Unincorporated community in Marshall County, Kansas

Herkimer is a census-designated place (CDP) in Marshall County, Kansas, United States. As of the 2020 census, the population was 54.

==History==
Herkimer was named after Herkimer, New York. A post office was opened in Herkimer in 1878, and remained in operation until it was discontinued in 1974.

==Demographics==

The 2020 United States census counted 54 people, 26 households, and 22 families in Herkimer. The population density was 57.6 per square mile (22.2/km^{2}). There were 26 housing units at an average density of 27.7 per square mile (10.7/km^{2}). The racial makeup was 98.15% (53) white or European American (98.15% non-Hispanic white), 0.0% (0) black or African-American, 0.0% (0) Native American or Alaska Native, 0.0% (0) Asian, 0.0% (0) Pacific Islander or Native Hawaiian, 0.0% (0) from other races, and 1.85% (1) from two or more races.

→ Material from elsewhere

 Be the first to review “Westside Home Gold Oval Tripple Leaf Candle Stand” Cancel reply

Hispanic or Latino of any race was 0.0% (0) of the population.

Of the 26 households, 15.4% had children under the age of 18; 84.6% were married couples living together; 0.0% had a female householder with no spouse or partner present. 15.4% of households consisted of individuals and 3.8% had someone living alone who was 65 years of age or older. The average household size was 2.4 and the average family size was 3.0. The percent of those with a bachelor's degree or higher was estimated to be 0.0% of the population, with a 11% margin of error.

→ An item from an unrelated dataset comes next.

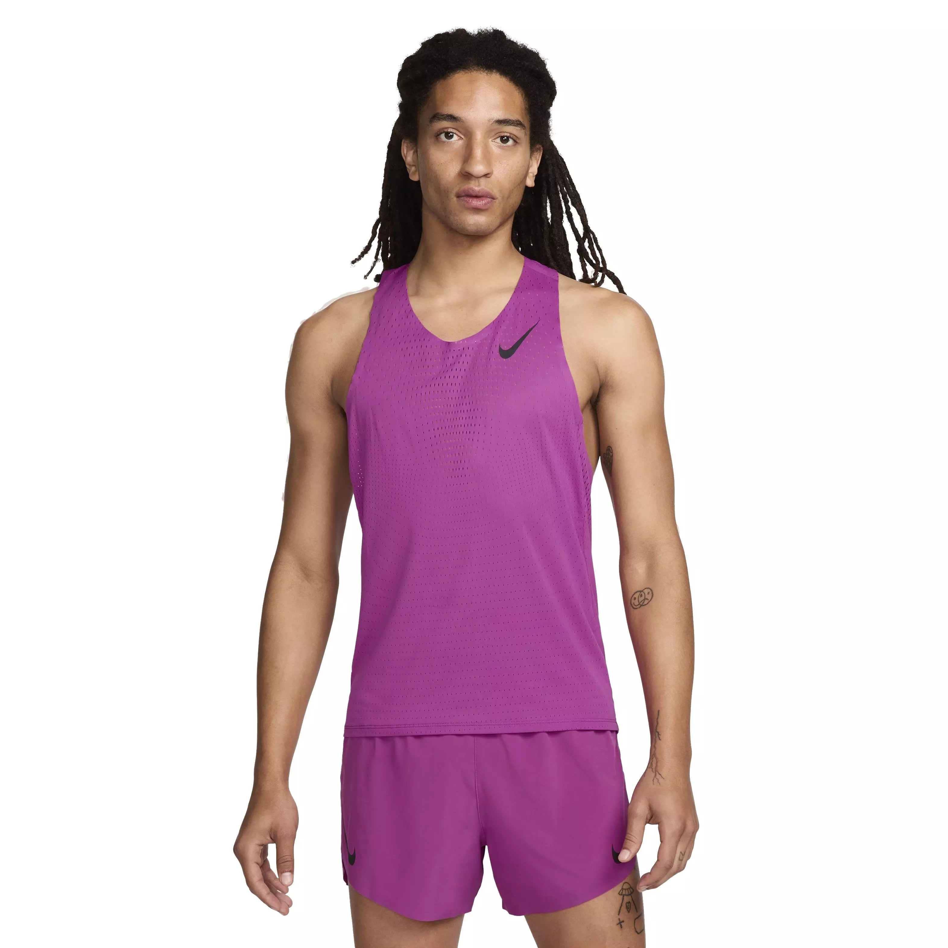 You've pushed through the worst to compete with the best. So let the ultra-breathable feel of our Nike Men's AeroSwift Dri-FIT ADV Running Singlet - Purple take you across the finish. Designed for racing, this lightweight and smooth top uses our most innovative technologies so you can focus on beating your personal bests.Features

14.8% of the population was under the age of 18, 1.9% from 18 to 24, 25.9% from 25 to 44, 11.1% from 45 to 64, and 46.3% who were 65 years of age or older. The median age was 60.3 years. For every 100 females, there were 116.0 males. For every 100 females ages 18 and older, there were 130.0 males.

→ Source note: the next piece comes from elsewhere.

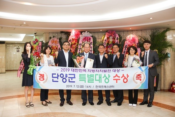 류한우 군수는 "군민의 적극적인 성원과 응원이 있었기에 가능한 수상이라 더욱 영예롭고 기쁘다."며 "꿈과 희망이 있는 살기좋은 단양 건설을 위해 더욱 노력하겠다"고 말했다.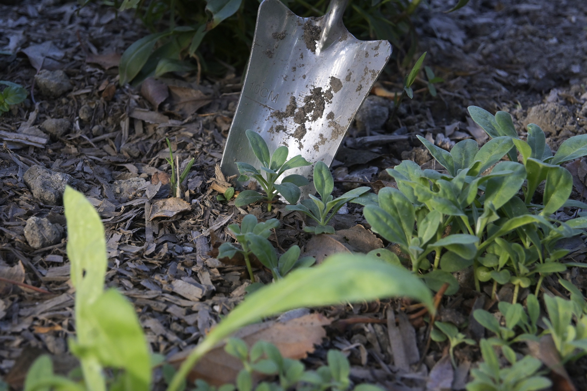 To transplant a volunteer plant in the garden, I simply take a pointy hand shovel (like this one) and dig around the baby plant. The goal is to get the whole “root ball” and minimize root disturbance.

The 2016–2020 5-year American Community Survey estimates show that the median household income was $76,500 (with a margin of error of +/- $23,596). The median income for those above 16 years old was $31,563 (+/- $31,075). Approximately, 0.0% of families and 13.2% of the population were below the poverty line, including 0.0% of those under the age of 18 and 50.0% of those ages 65 or over.

Historical population
| Census | Pop. | Note | %± |
| 2020 | 54 |  | — |
U.S. Decennial Census

==Education==
The community is served by Marysville USD 364 public school district.